We are ALL loved and valued. It is about living for something bigger than our personal comforts or glorification. It is not about pretending we don’t really have a problem, and “willing it away in our mind”… it is about trusting God and allowing Him to lead and work in our lives. Our minds and thoughts are indeed powerful, and God’s Word is “mightier than a two edged sword”. We stand on that word and His promises. He is always faithful to his promises. We must use all that God offers us to win. Our minds and hearts must believe, the doctors must be guided (and are we grateful for them!), and we can then rest in Him. My prayer is that we all feel and live that way more than ever.

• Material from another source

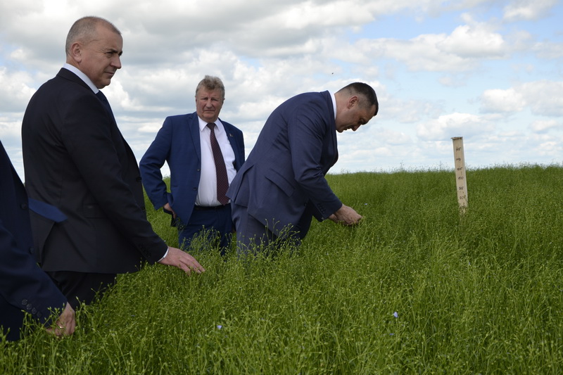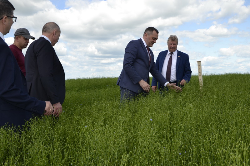 Председатель Дубровенского райисполкома Анатолий Лукашов привез председателя Витебского облисполкома Александра Субботина, его первого заместителя Сергея Левковича, а также помощника Президента-инспектора по Витебской области Владимира Юргевича на 100-гектарный семенной участок ОАО «Дубровенский льнозавод».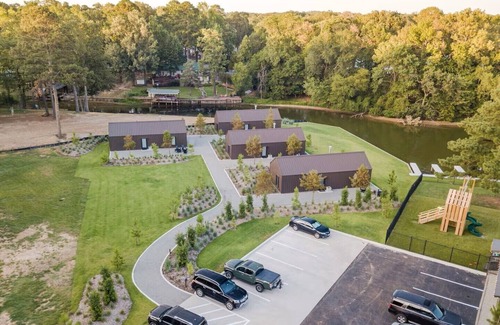 You'll easily make yourself at The Cabins at Lake Cypress Springs. Situated on the water's edge, steps away from the many amenities of The Cove, these modern rental cabins offer comfortable accommodations for guests at this relaxing lakeside retreat. Each cabin includes 2 bedrooms with 1 king bed and 2 built in queen bunk beds. There are also boat slips to keep your boat overnight or rent a boat steps away from your cabin. Enjoy the indoor fireplace, outdoor fire pit, private outdoor space, two smart televisions with Wifi, coffee station, mini fridge and bar area. Take in the amazing lake views right from your bed!

Our Bible is clear about what God has for each of us, as we have faith in him through His son Jesus, and then we are at peace and free to praise Him “in all things”… because we are loved and forgiven and empowered for His purpose. The Dornan’s are blessed and joyful this Christmas. We pray that you are as well. I will remain trusting God and joyful. I will fight this “invader”!!… as I believe it has no place in my body. (I must admit though that I am still shocked and “offended” that he got in at all). I will give God the glory when it it gone, (are you praying and claiming that with us?)… and I will continue to ask God for many more years in which I can say thanks to all of you who have been so generous in your love and support. You will love the new version of Jim that promises to emerge.

Merry Christmas to all. We will keep you updated on this most amazing chapter of my life so far. May God richly bless you all.